* **INSTRUCTIONS TO FOLLOW**: Pictures are to be left out, and the rest of the records reproduced exactly.

[Dataset items]
○ ○ ○ ○ ○
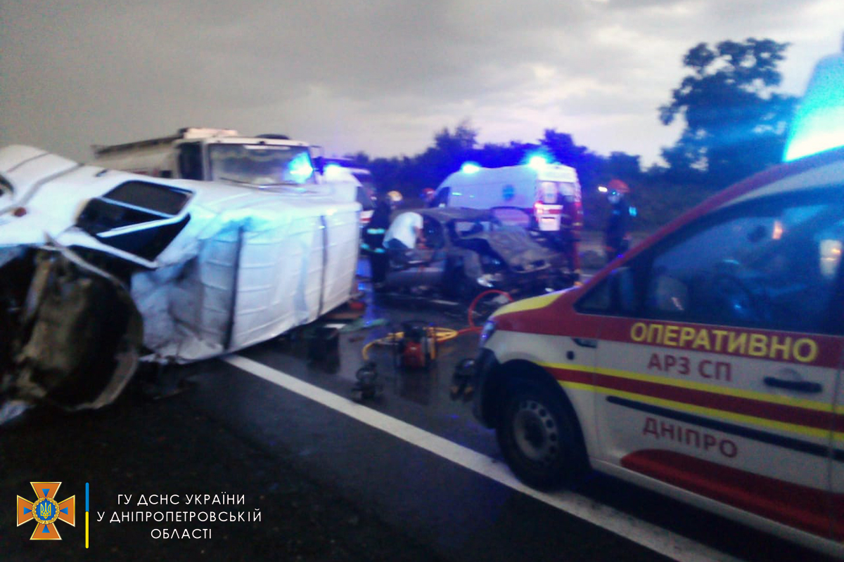 "Для запобігання виникнення пожежі бійці ДСНС від"єднали елементи живлення акумуляторів з автомобілів та змили залишки паливно-мастильних матеріалів з проїжджої частини автошляху. До місця події залучено 9 чоловік особового складу та 3 одиниці техніки Головного управління ДСНС України у Дніпропетровській області", - йдеться в повідомленні.
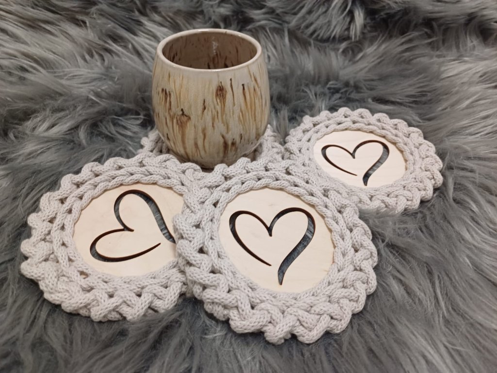 Elegantní sada čtyř podtácků kombinující překližkový základ a jemně háčkovaný lem z bavlněné příze. Každý podtácek je zdoben vyřezávaným motivem srdce, který dodává jedinečný a romantický vzhled. Praktický a dekorativní doplněk pro váš domov, který ochrání stůl a zároveň vnese do interiéru hřejivý nádech ruční práce. Dostupné v různých barevných variantách.
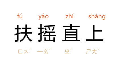 扶摇:迅猛盘旋而上的旋风。乘着大旋风之势一直上升。比喻事物迅速地直线上升。有时也比喻官职提升得很快。
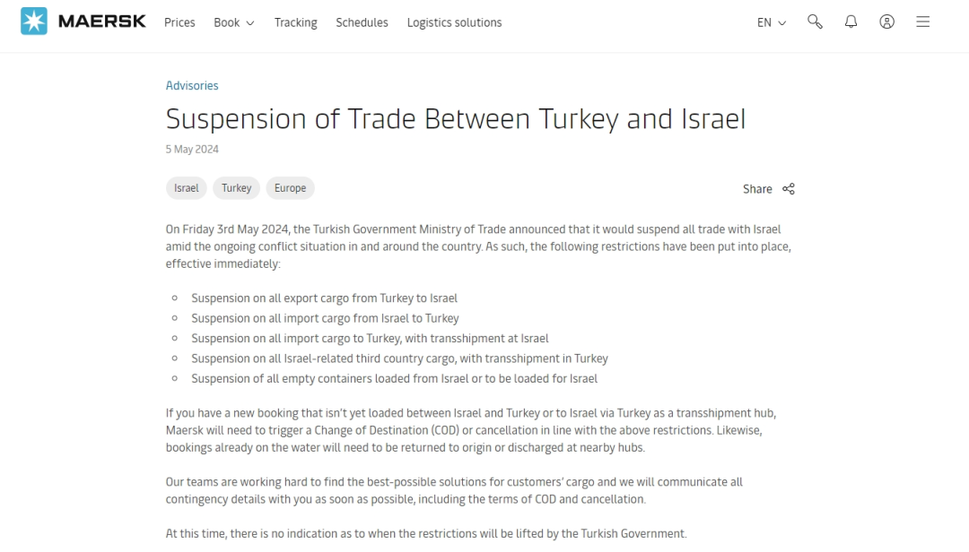 根据马士基此前预测,红海局势对航运业的干扰或将持续到今年年底。另一方面,因为土耳其宣布暂停与以色列的所有进出口贸易,5月5日,马士基官网发布暂停土耳其和以色列之间的进出口贸易、转运和订舱,具体实施限制如下,并立即生效:
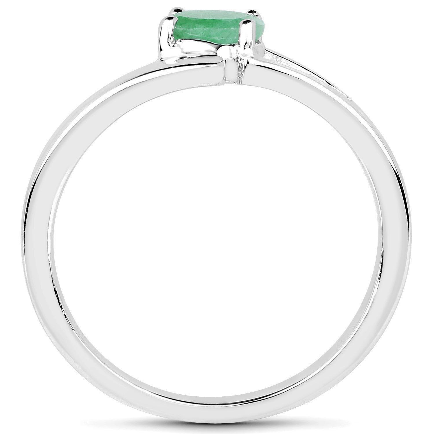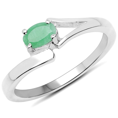 Subtelny srebrny pierścionek z rodowanego srebra najwyższej próby 925 z naturalnym szmaragdem kolumbijskim o intensywnym kolorze.
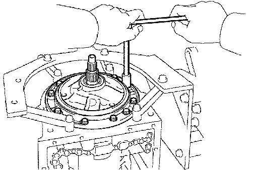 c) Place the oil pump through the input shaft, and align the bolt holes of the oil pump assembly with the transmission case.
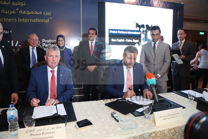 شهد مراسم توقيع اتفاقية الشراكة البروفيسور/ كارول سيكورا رئيس منظمة الصحة العالمية الأسبق، والسيد/ تشارلز جرين مؤسس شركة (Proton Partners International LTD - PPI)، والسيد/ إلين بارون المدير الإقليمي للشركة بمنطقة الشرق الأوسط وإفريقيا، والسيد/ أوليفيه هنسبرجر المدير التنفيذي لبنك ماربيود بالشرق الأوسط، ود.حسام عبد الغفار أمين مساعد المجلس الأعلى للجامعات لشئون المستشفيات الجامعية، ود.محمد الطيب معاون الوزير للشئون الفنية.
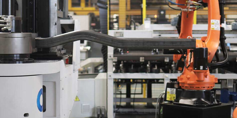 At the heart of the system is the eMOB 150 fully electric tube bending machine, integrated with two high-capacity industrial robots and an automated bundle loader. This advanced setup sets a new benchmark for precision, efficiency, and adaptability in modern manufacturing.
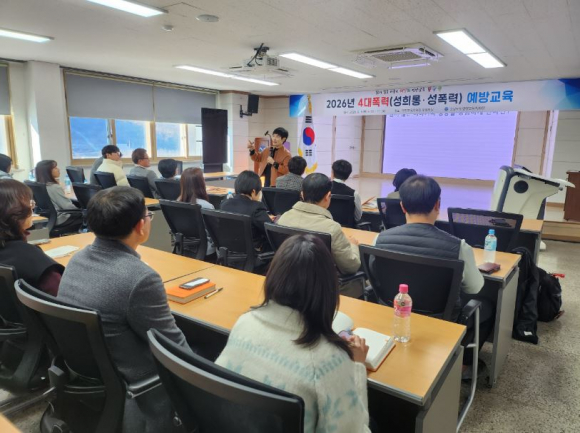 □ 영양교육지원청(교육장 박근호)은 2월 3일(화) 대회의실에서 영양교육지원청 및 도서관 직원을 대상으로 폭력(성희롱·성폭력) 예방교육을 실시했다.
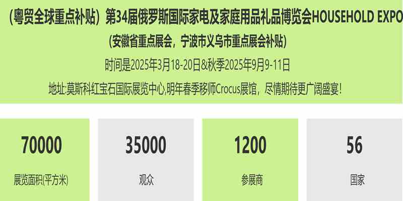 特注:当下全球消费降级,出口外贸获取新订单机会越来越难。出口欧美不确定因素加大,俄罗斯及中亚市场将是未来几年高速增长点。HouseHold Expo2025申请早一点、位置好一点,欢迎参展!
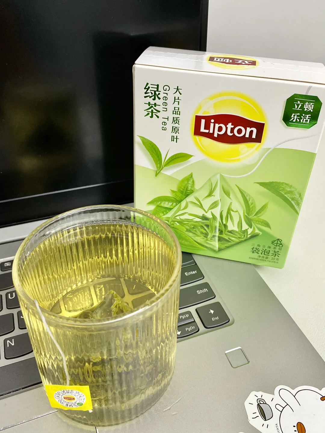 茶底我用的新入手的立顿乐活绿茶,独立三角茶包冲泡很方便
○ ○ ○ ○ ○
* **TASK ANSWER**:
 "Для запобігання виникнення пожежі бійці ДСНС від"єднали елементи живлення акумуляторів з автомобілів та змили залишки паливно-мастильних матеріалів з проїжджої частини автошляху. До місця події залучено 9 чоловік особового складу та 3 одиниці техніки Головного управління ДСНС України у Дніпропетровській області", - йдеться в повідомленні.
 Elegantní sada čtyř podtácků kombinující překližkový základ a jemně háčkovaný lem z bavlněné příze. Každý podtácek je zdoben vyřezávaným motivem srdce, který dodává jedinečný a romantický vzhled. Praktický a dekorativní doplněk pro váš domov, který ochrání stůl a zároveň vnese do interiéru hřejivý nádech ruční práce. Dostupné v různých barevných variantách.
 扶摇:迅猛盘旋而上的旋风。乘着大旋风之势一直上升。比喻事物迅速地直线上升。有时也比喻官职提升得很快。
 根据马士基此前预测,红海局势对航运业的干扰或将持续到今年年底。另一方面,因为土耳其宣布暂停与以色列的所有进出口贸易,5月5日,马士基官网发布暂停土耳其和以色列之间的进出口贸易、转运和订舱,具体实施限制如下,并立即生效:
 Subtelny srebrny pierścionek z rodowanego srebra najwyższej próby 925 z naturalnym szmaragdem kolumbijskim o intensywnym kolorze.
 c) Place the oil pump through the input shaft, and align the bolt holes of the oil pump assembly with the transmission case.
 شهد مراسم توقيع اتفاقية الشراكة البروفيسور/ كارول سيكورا رئيس منظمة الصحة العالمية الأسبق، والسيد/ تشارلز جرين مؤسس شركة (Proton Partners International LTD - PPI)، والسيد/ إلين بارون المدير الإقليمي للشركة بمنطقة الشرق الأوسط وإفريقيا، والسيد/ أوليفيه هنسبرجر المدير التنفيذي لبنك ماربيود بالشرق الأوسط، ود.حسام عبد الغفار أمين مساعد المجلس الأعلى للجامعات لشئون المستشفيات الجامعية، ود.محمد الطيب معاون الوزير للشئون الفنية.
 At the heart of the system is the eMOB 150 fully electric tube bending machine, integrated with two high-capacity industrial robots and an automated bundle loader. This advanced setup sets a new benchmark for precision, efficiency, and adaptability in modern manufacturing.
 □ 영양교육지원청(교육장 박근호)은 2월 3일(화) 대회의실에서 영양교육지원청 및 도서관 직원을 대상으로 폭력(성희롱·성폭력) 예방교육을 실시했다.
 特注:当下全球消费降级,出口外贸获取新订单机会越来越难。出口欧美不确定因素加大,俄罗斯及中亚市场将是未来几年高速增长点。HouseHold Expo2025申请早一点、位置好一点,欢迎参展!
 茶底我用的新入手的立顿乐活绿茶,独立三角茶包冲泡很方便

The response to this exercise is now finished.